*** Opening of Supplied data ***

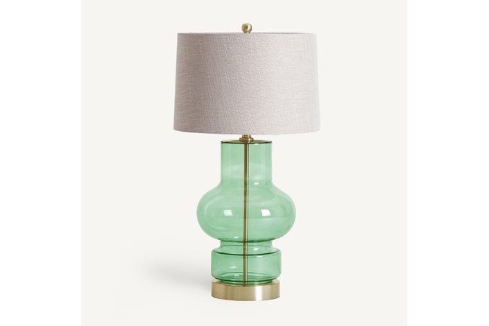 Lámpara de sobremesa, en color verde, de estilo clásico. Fabricado en vidrio, combinado con hierro y lino. Producto desmontable.
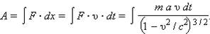 Если скорость классической частицы беспредельно растет под действием постоянной силы, то скорость релятивистской частицы не может превысить скорость света c в пустоте. В релятивистской механике, так же, как и в механике Ньютона, выполняется закон сохранения энергии. Кинетическая энергия тела Ek определяется через работу внешней силы, необходимую для сообщения телу заданной скорости. Чтобы разогнать частицу массы m из состояния покоя до скорости υ0 под действием постоянной силы F, эта сила должна совершить работу
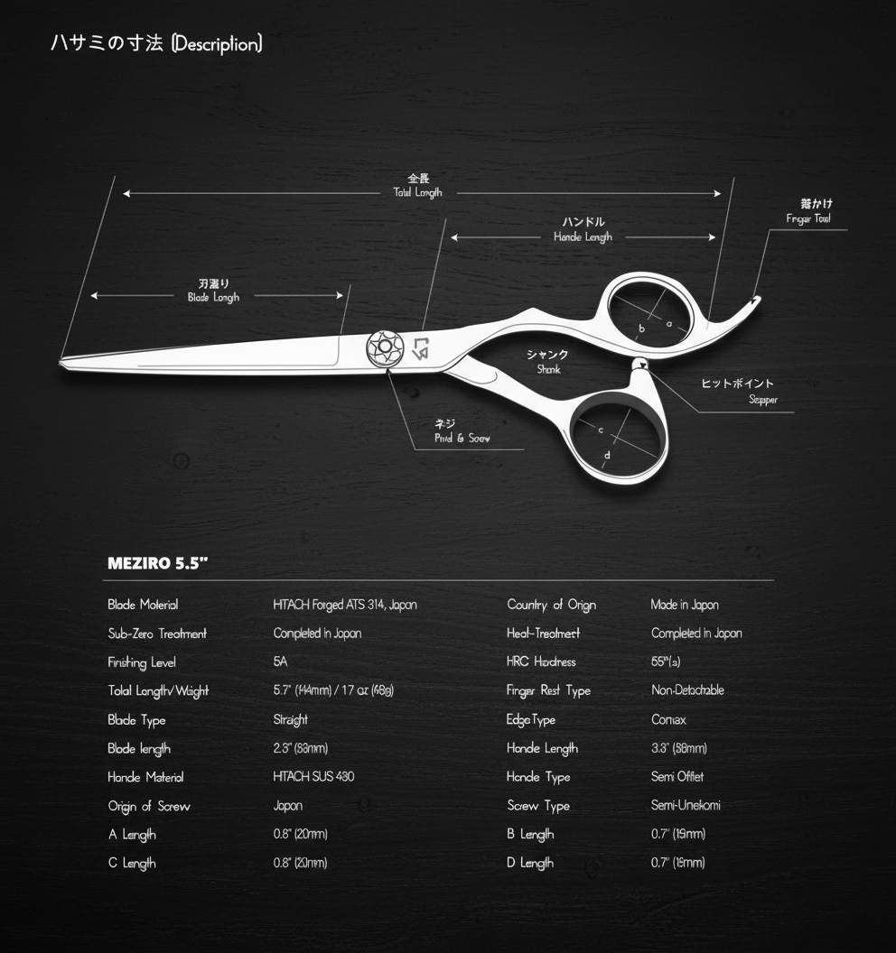 MEZIRO 5.5L Lefty Hair Shears – Comfortable and Balanced for Left-Handed Stylists
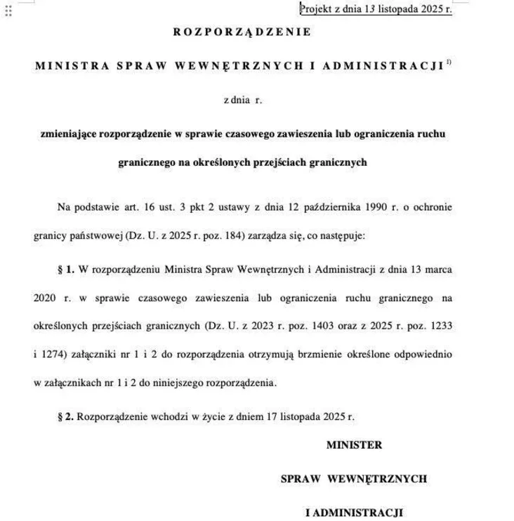 Согласно проекту распоряжения, 17 ноября 2025 г. будет возобновлено пограничное движение на двух дорожных пограничных переходах, сообщает Pap.pl.
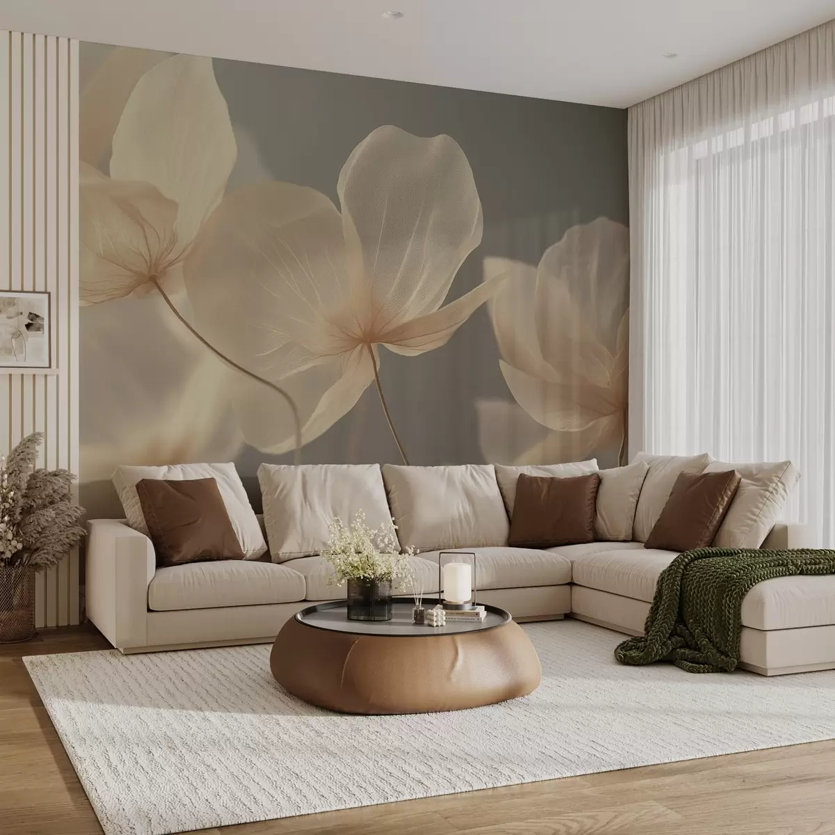 Zidne murale Latice lotosa, nježna kompozicija sa sivom pozadinom br. w08500v2
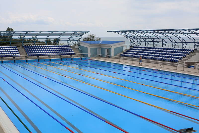 - открытый олимпийский бассейн «олимпийский» 50х25 (глубина 1,6-2,35; 10 дорожек, стартовые тумбы)
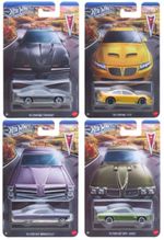 Coleção com 4 Miniaturas Pontiac Series Marca: Hot Wheels / Mattel. Coleção: Pontiac Series Escala: 1/64. Ano de Lançamento: 2025 Coleção com 5 Miniaturas: #1 - ? Pontiac Firebird #2 - ? Pontiac GTO #3 - ? Pontiac Bonneville #4 - ? Pontiac GTO Judge
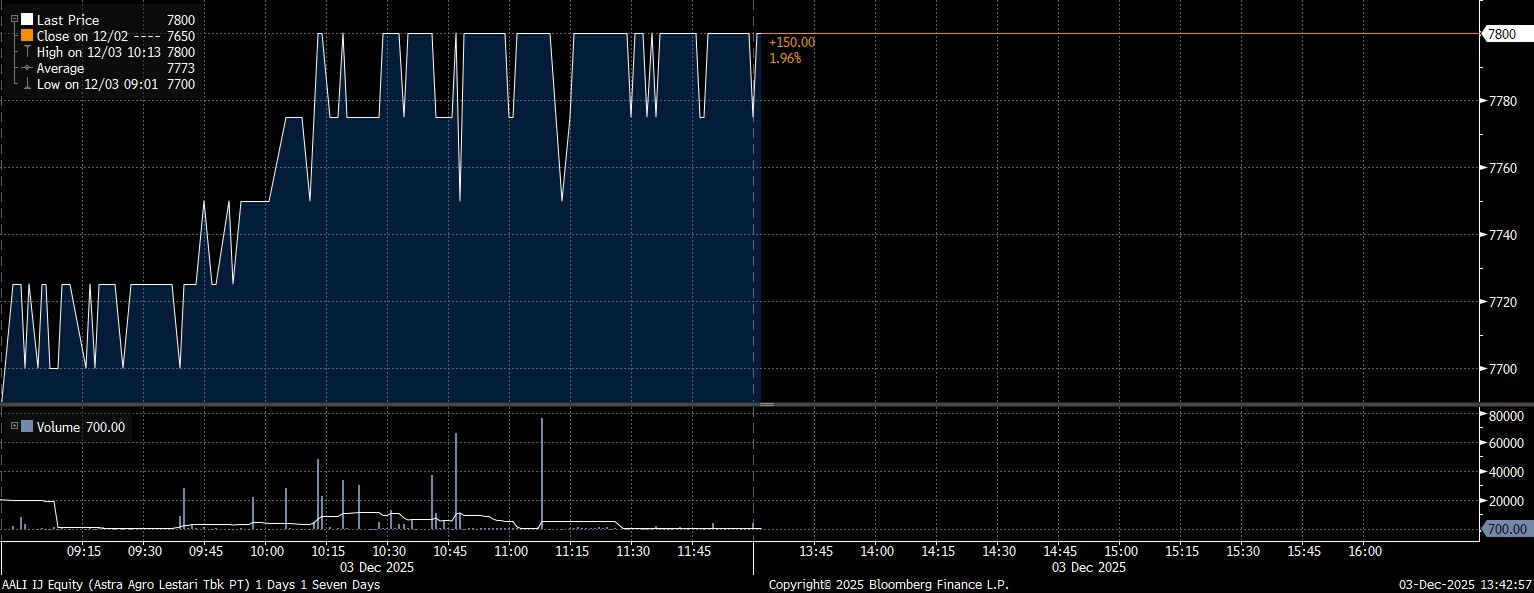- PT Astra Agro Lestari Tbk (AALI) menguat 1,96% ke posisi Rp7.800
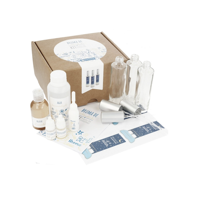 Mit diesem Set ist die Herstellung von selbstgemachtem Kissenspray ganz einfach! Es enthält alle Zutaten, die du benötigst, um es selbst herzustellen. Darunter auch zwei ätherische Öle: Lavendel und Petitgrain, welche Entspannung und Schlaf fördern. Folge einfach der Schritt-für-Schritt-Anleitung, und du kannst deine selbstgemachten Kissensprays ganz einfach und in wenigen Minuten herstellen. Wenn du fertig bist, besprühe dein Kopfkissen und deine Bettwäsche. Es wird dir helfen, dich zu entspannt einzuschlafen. Mach dein selbstgemachtes Kissenspray mit diesem exklusiven Set aus unserem Online-Shop! Mit diesen Zutaten kannst du 150 ml selbstgemachten Kissensprays herstellen. Es enthält auch niedliche Aufkleber, mit denen du deine Glasflaschen dekorieren und beschriften kannst. Das Flaschenmodell kann je nach Lagerbestand und Verfügbarkeit variieren.
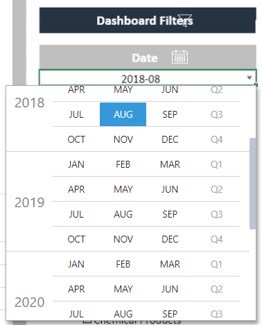 Month Picker: The month picker drop-down allows you to configure a specific month in a year to populate the evaluated result in the cell.
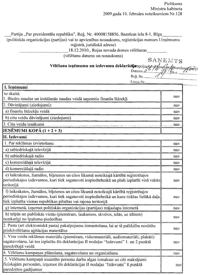 Darbības pārskati. Publicēts oficiālajā laikrakstā "Latvijas Vēstnesis", 29.12.2010., Nr. 205 https://www.vestnesis.lv/ta/id/223521
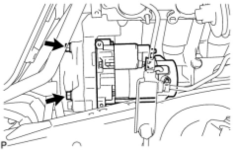 (b) Install the starter with the 2 bolts.
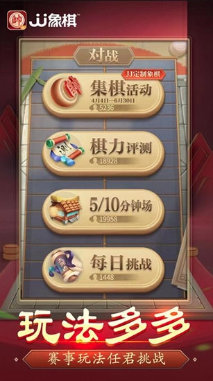 棋力评测、华山论剑、5分钟场、10分钟场,多种对弈模式任你挑选,精彩有趣、随时开局。
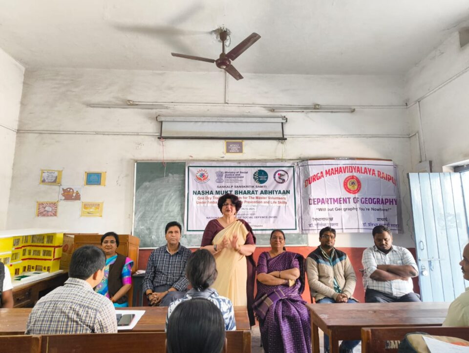 मिनिस्ट्री ऑफ़ सोशल जस्टिस एंड एंपावरमेंट कल सपोर्ट से स्टेट लेवल कोऑर्डिनेटिग एजेंसी, छत्तीसगढ़ ने नशा मुक्ति भारत अभियान के मास्टर वॉलिंटियर्स के बीच एक दिन का ट्रेंनिंग प्रोगाम ऑर्गेनाइज् किया जिसमें राष्ट्रीय सेवा योजना एवं भूगोल विभाग के विद्यार्थियों ने भाग लिया कार्यक्रम में डॉक्टर प्रतिभा मुखर्जी साहूकार प्राचार्य दुर्गा महाविद्यालय ने कहा कि आज की युवा पीढ़ी को नशे से दूर रहना चाहिए विभाग अध्यक्ष भूगोल विभाग डॉक्टर पूर्णिमा शुक्ला ने कहा कि नशा करने से वह व्यक्ति शारीरिक और मानसिक रूप से कमजोर नहीं होता बल्कि पूरा परिवार बर्बाद हो जाता है कार्यक्रम का संचालन एवं आभार प्रदर्शन राष्ट्रीय सेवा योजना की कार्यक्रम अधिकारी सुनीता चंसोरिया ने विद्यार्थियों से कहा कि वह अपने घर एवं पास पड़ोस के लोगों को नशे के दुष्प्रभाव बढ़कर जागरूक करें डॉक्टर चुन्नीलाल शर्मा ,संकल्प सांस्कृतिक समिति रायपुर, ने नशा के दुष्प्रभाव एवं इनसे कैसे बचाव किया जा सकता है इसकी जानकारी दी सौरव तिवारी प्रोजेक्ट कोऑर्डिनेटर स्टेट लेवल कोऑर्डिनेटिग एजेंसी, छत्तीसगढ़ में नशा मुक्त भारत अभियान के बारे में जानकारी दी राजकमल रात्रि ट्रेनर कम काउंसलर संकल्प कम्युनिटी बेस्ड पीयर लेड इंटरवेंशन के बारे में जानकारी दी अरुण मिंज पियर एजुकेटर संकल्प एकीकृत नशा मुक्ति एवं पुनर्वास के बारे में जानकारी दी कार्यक्रम में भूगोल विभाग के प्राध्यापक गण एवं विद्यार्थियों की सहभागिता रही

*** Close of Supplied data ***

**What you have to do**:
Reproduce the full material exactly, excluding the pictures.

**Solution**:
 Lámpara de sobremesa, en color verde, de estilo clásico. Fabricado en vidrio, combinado con hierro y lino. Producto desmontable.
 Если скорость классической частицы беспредельно растет под действием постоянной силы, то скорость релятивистской частицы не может превысить скорость света c в пустоте. В релятивистской механике, так же, как и в механике Ньютона, выполняется закон сохранения энергии. Кинетическая энергия тела Ek определяется через работу внешней силы, необходимую для сообщения телу заданной скорости. Чтобы разогнать частицу массы m из состояния покоя до скорости υ0 под действием постоянной силы F, эта сила должна совершить работу
 MEZIRO 5.5L Lefty Hair Shears – Comfortable and Balanced for Left-Handed Stylists
 Согласно проекту распоряжения, 17 ноября 2025 г. будет возобновлено пограничное движение на двух дорожных пограничных переходах, сообщает Pap.pl.
 Zidne murale Latice lotosa, nježna kompozicija sa sivom pozadinom br. w08500v2
 - открытый олимпийский бассейн «олимпийский» 50х25 (глубина 1,6-2,35; 10 дорожек, стартовые тумбы)
 Coleção com 4 Miniaturas Pontiac Series Marca: Hot Wheels / Mattel. Coleção: Pontiac Series Escala: 1/64. Ano de Lançamento: 2025 Coleção com 5 Miniaturas: #1 - ? Pontiac Firebird #2 - ? Pontiac GTO #3 - ? Pontiac Bonneville #4 - ? Pontiac GTO Judge
- PT Astra Agro Lestari Tbk (AALI) menguat 1,96% ke posisi Rp7.800
 Mit diesem Set ist die Herstellung von selbstgemachtem Kissenspray ganz einfach! Es enthält alle Zutaten, die du benötigst, um es selbst herzustellen. Darunter auch zwei ätherische Öle: Lavendel und Petitgrain, welche Entspannung und Schlaf fördern. Folge einfach der Schritt-für-Schritt-Anleitung, und du kannst deine selbstgemachten Kissensprays ganz einfach und in wenigen Minuten herstellen. Wenn du fertig bist, besprühe dein Kopfkissen und deine Bettwäsche. Es wird dir helfen, dich zu entspannt einzuschlafen. Mach dein selbstgemachtes Kissenspray mit diesem exklusiven Set aus unserem Online-Shop! Mit diesen Zutaten kannst du 150 ml selbstgemachten Kissensprays herstellen. Es enthält auch niedliche Aufkleber, mit denen du deine Glasflaschen dekorieren und beschriften kannst. Das Flaschenmodell kann je nach Lagerbestand und Verfügbarkeit variieren.
 Month Picker: The month picker drop-down allows you to configure a specific month in a year to populate the evaluated result in the cell.
 Darbības pārskati. Publicēts oficiālajā laikrakstā "Latvijas Vēstnesis", 29.12.2010., Nr. 205 https://www.vestnesis.lv/ta/id/223521
 (b) Install the starter with the 2 bolts.
 棋力评测、华山论剑、5分钟场、10分钟场,多种对弈模式任你挑选,精彩有趣、随时开局。
 मिनिस्ट्री ऑफ़ सोशल जस्टिस एंड एंपावरमेंट कल सपोर्ट से स्टेट लेवल कोऑर्डिनेटिग एजेंसी, छत्तीसगढ़ ने नशा मुक्ति भारत अभियान के मास्टर वॉलिंटियर्स के बीच एक दिन का ट्रेंनिंग प्रोगाम ऑर्गेनाइज् किया जिसमें राष्ट्रीय सेवा योजना एवं भूगोल विभाग के विद्यार्थियों ने भाग लिया कार्यक्रम में डॉक्टर प्रतिभा मुखर्जी साहूकार प्राचार्य दुर्गा महाविद्यालय ने कहा कि आज की युवा पीढ़ी को नशे से दूर रहना चाहिए विभाग अध्यक्ष भूगोल विभाग डॉक्टर पूर्णिमा शुक्ला ने कहा कि नशा करने से वह व्यक्ति शारीरिक और मानसिक रूप से कमजोर नहीं होता बल्कि पूरा परिवार बर्बाद हो जाता है कार्यक्रम का संचालन एवं आभार प्रदर्शन राष्ट्रीय सेवा योजना की कार्यक्रम अधिकारी सुनीता चंसोरिया ने विद्यार्थियों से कहा कि वह अपने घर एवं पास पड़ोस के लोगों को नशे के दुष्प्रभाव बढ़कर जागरूक करें डॉक्टर चुन्नीलाल शर्मा ,संकल्प सांस्कृतिक समिति रायपुर, ने नशा के दुष्प्रभाव एवं इनसे कैसे बचाव किया जा सकता है इसकी जानकारी दी सौरव तिवारी प्रोजेक्ट कोऑर्डिनेटर स्टेट लेवल कोऑर्डिनेटिग एजेंसी, छत्तीसगढ़ में नशा मुक्त भारत अभियान के बारे में जानकारी दी राजकमल रात्रि ट्रेनर कम काउंसलर संकल्प कम्युनिटी बेस्ड पीयर लेड इंटरवेंशन के बारे में जानकारी दी अरुण मिंज पियर एजुकेटर संकल्प एकीकृत नशा मुक्ति एवं पुनर्वास के बारे में जानकारी दी कार्यक्रम में भूगोल विभाग के प्राध्यापक गण एवं विद्यार्थियों की सहभागिता रही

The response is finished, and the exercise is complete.